The Authority Principle underlines our tendency to obey authority. From a very young age, we are “trained” to obey: our parents, teachers, adults, policemen, etc. As we grow up we already have an intrinsic classing system that shows us who we are expected to obey, people that we consider to be “superior” to us in authoritative terms, but also who we expect to obey us, those that we consider to be “inferior”. This obedience isn’t necessarily coercive (that’s to say reliant on the use of force) but is rather more often simply based on this ingrained reaction to authority figures; there is an unspoken agreement about the balance of control in our societies that is most often adhered to.

There are many elements that can give the impression of authority: expertise, experience, popularity, a uniform (doctor’s coat, police uniform…), a title (Dr., Professor, Director…), physical attributes (strength, size), success, wealth, simply an authoritative attitude, etc. Due to the amount of information available, we often use cognitive shortcuts, only relying on one or two attributes linked to authority figures in order to decide whom we should obey. For example, we only need see a police badge to follow orders from someone without really questioning what they are asking us to do, whether it really adheres to the law, whether the police badge is even real, etc.

One of the most famous experiments to demonstrate the Authority Principle was named after the American Psychologist who carried it out: the Milgram experiment. This experiment aimed to measure the extent to which people will continue to be obedient even when the orders being given go directly against morality and personal conscience. Participants were paired up, with one becoming the “teacher” and one the “student”. This draw was fixed so that the student was always an actor and the teacher the real participant of the experiment. The student had to learn different word pairings and was then attached to an electro-shock machine (fake, of course - unbeknownst to the participant) that the teacher was in control of. They asked the student questions and each time they gave a wrong answer (which they intentionally did most of the time) the teacher was told to give them a shock. They were accompanied by another actor who was dressed in a recognisably scientific outfit and was placed there as the “authority figure” who continued to encourage participants to give the shocks even when the voltage got higher and students became noticeably uncomfortable. The presence of this legitimised authority, meaning that the person in charge is assumed competent and of an authoritative nature, meant that very few of the participants questioned the ethics or morality of the orders at all, with a shocking 62.5% of participants seeing the experiment through to the end and giving their partners “shocks” of what would have been really dangerous levels. The conclusion was that humans will continue to follow orders given by a presumed figure of authority even when these orders should in reality be called in to question.

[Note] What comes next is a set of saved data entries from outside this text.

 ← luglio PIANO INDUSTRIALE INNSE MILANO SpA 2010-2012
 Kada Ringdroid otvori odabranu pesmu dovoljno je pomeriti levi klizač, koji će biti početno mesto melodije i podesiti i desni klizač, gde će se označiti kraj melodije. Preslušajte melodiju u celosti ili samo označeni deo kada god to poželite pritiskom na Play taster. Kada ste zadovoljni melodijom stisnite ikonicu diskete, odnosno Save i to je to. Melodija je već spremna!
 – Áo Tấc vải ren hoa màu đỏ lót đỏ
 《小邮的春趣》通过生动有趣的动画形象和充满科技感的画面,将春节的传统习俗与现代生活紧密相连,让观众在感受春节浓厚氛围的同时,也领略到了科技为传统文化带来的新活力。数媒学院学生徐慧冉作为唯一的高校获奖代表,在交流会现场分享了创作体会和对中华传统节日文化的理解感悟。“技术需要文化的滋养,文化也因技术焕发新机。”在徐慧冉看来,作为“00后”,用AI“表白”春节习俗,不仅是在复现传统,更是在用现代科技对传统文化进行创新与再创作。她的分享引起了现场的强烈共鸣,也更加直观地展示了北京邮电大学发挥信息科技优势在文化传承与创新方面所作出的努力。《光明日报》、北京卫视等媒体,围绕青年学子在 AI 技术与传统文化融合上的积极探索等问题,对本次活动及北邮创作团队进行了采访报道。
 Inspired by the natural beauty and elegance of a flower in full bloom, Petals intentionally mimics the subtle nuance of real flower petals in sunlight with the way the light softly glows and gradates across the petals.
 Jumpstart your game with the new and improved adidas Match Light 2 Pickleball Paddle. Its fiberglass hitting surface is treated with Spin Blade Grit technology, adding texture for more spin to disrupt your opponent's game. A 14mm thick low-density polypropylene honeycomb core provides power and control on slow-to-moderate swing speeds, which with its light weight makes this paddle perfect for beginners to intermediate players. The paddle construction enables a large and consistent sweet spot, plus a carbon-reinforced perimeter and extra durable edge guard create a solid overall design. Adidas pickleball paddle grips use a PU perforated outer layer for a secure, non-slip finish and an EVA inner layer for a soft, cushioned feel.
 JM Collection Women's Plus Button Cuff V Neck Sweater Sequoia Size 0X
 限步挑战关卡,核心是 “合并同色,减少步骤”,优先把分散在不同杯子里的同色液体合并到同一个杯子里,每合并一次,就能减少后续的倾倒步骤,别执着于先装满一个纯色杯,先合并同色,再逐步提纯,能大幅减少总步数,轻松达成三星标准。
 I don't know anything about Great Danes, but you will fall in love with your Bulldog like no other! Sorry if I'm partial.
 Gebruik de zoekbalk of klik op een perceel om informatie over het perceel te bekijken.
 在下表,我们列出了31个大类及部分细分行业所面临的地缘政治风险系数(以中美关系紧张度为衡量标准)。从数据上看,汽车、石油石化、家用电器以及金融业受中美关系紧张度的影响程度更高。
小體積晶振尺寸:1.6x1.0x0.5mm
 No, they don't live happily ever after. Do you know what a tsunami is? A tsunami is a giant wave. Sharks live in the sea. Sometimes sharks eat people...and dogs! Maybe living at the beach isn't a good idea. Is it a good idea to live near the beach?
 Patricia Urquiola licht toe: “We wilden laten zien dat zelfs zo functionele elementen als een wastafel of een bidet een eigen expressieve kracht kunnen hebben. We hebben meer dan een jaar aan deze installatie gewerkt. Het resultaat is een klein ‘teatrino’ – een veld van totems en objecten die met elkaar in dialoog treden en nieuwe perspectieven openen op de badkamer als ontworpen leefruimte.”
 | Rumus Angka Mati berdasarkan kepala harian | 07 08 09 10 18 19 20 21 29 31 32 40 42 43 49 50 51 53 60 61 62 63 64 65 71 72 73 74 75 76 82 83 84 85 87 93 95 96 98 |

Utilising authority is therefore an effective means of persuasion and yet a further extension of this is shown through the “argument from authority”, meaning when we convince people of our point of view using such “arguments” as: “this has been proved statistically”, “the government/this or that expert has confirmed that…”, “everybody knows that…”, etc. Using such statements can be a useful persuasive tool in marketing and communications. Another widespread use of the Authority Principle in these fields is the use of a celebrity or other authority figure (industry leader or expert for example) endorsement. Well-known sports brands use well-known sports figures to immediately give their products credibility; if this famous footballer say these football boots are the best then people will be inclined to believe them. Another way of making the most of this is by putting “expert” testimonies or reviews on your website; the knowledge that people of authority from your field endorse your products will make consumers much more likely to want them too.